The advocate stated that he was entitled to be paid getting up fees because he had prepared the case for trial. There is no evidence that the suit was confirmed for hearing. I think the objection by the client is merited. From affidavit evidence, it appeared that the advocate expended much energy in prosecuting interlocutory applications and not in actually preparing the main suit for hearing. The advocate is therefore not entitled to getting up fees of Kshs.599,799. 54. That amount is taxed off the amount that was assessed as due and payable to the advocate. All the other items in the advocate’s bill of costs were not disputed and in my view were taxed in accordance with the Advocates Remuneration Order. Apart from item 1(a) and item 1(b) which has been adjusted by this court, and item No.3 which has been taxed off, all the other items in the advocate’s bill of costs shall remain as taxed. The 16% VAT shall be charged on the adjusted figure.

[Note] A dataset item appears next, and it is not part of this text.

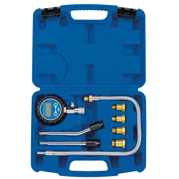 Expert Quality, compatible with direct and indirect petrol engines which use 10, 12, 14 and 18mm spark plug threads. Attached with a digital LCD display gauge with a choice of three pressure scales 0 - 300psi/0 - 20bar/0 - 2000kPa and fitted with a heavy - duty rubber protector. The braided stainless steel hose improves durability. Fitted with a spring - loaded pressure relief valve and integrated Schrader one - way valve system. Supplied in a plastic storage case.
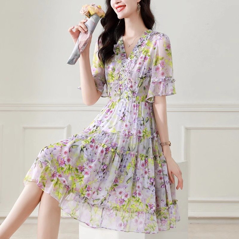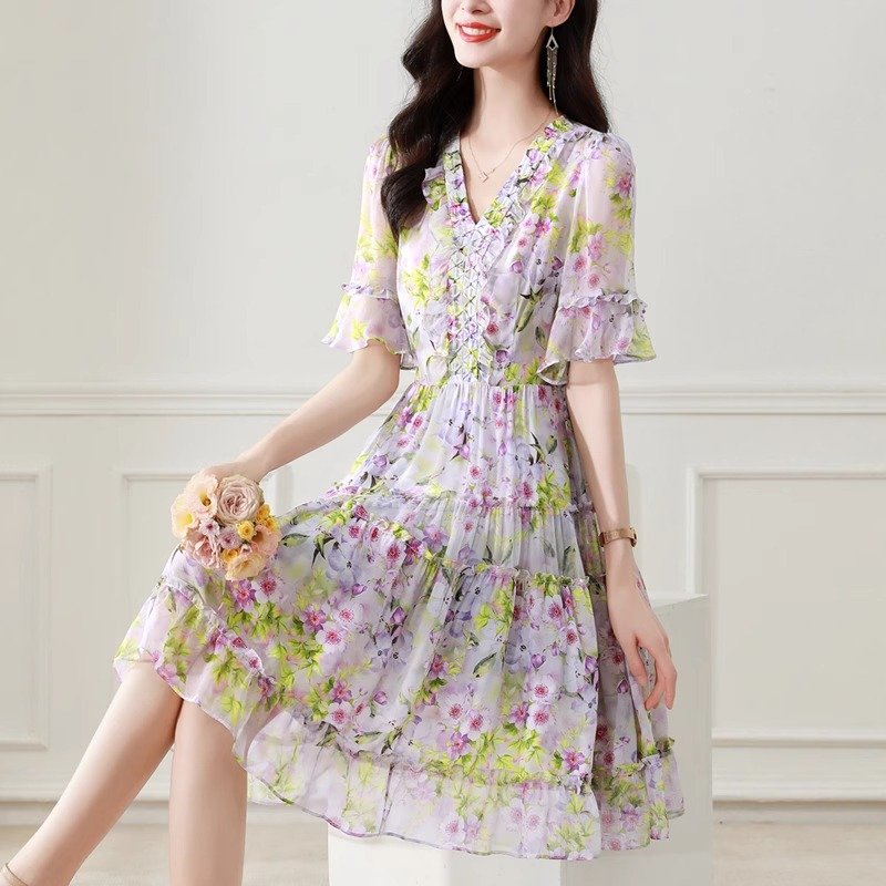 真丝顺滑,轻盈如羽,夏日内敛奢华之选,绽放女性温婉光彩。连衣裙真丝连衣裙桑蚕丝连衣裙

As regard whether the taxing officer had properly credited the amount that had been deposited by the client as legal fees to the advocate, I hold that the taxing officer reached the proper conclusion when he gave credit for the sum of Kshs.1. 5 million that was admitted by the advocate as having been paid to him. Although the client alleged that he had paid to the advocate upward of Kshs.5 million, upon evaluation of the affidavits filed in this reference, it was clear that the client had instructed the advocate to undertake various legal work other than the present suit. The cumulative legal fees that was paid to the advocate was in respect of the present suit and the other suits that the advocate was instructed to act on behalf of the client. The client cannot therefore claim that the entire amount that was paid to the advocate was in respect to the present suit. I disallow the client’s objection in that regard.
The client has been partially successful in its reference. I award it half of the costs of this reference. It is so ordered.
DATED AT NAIROBI THIS 15TH DAY OF JULY 2009.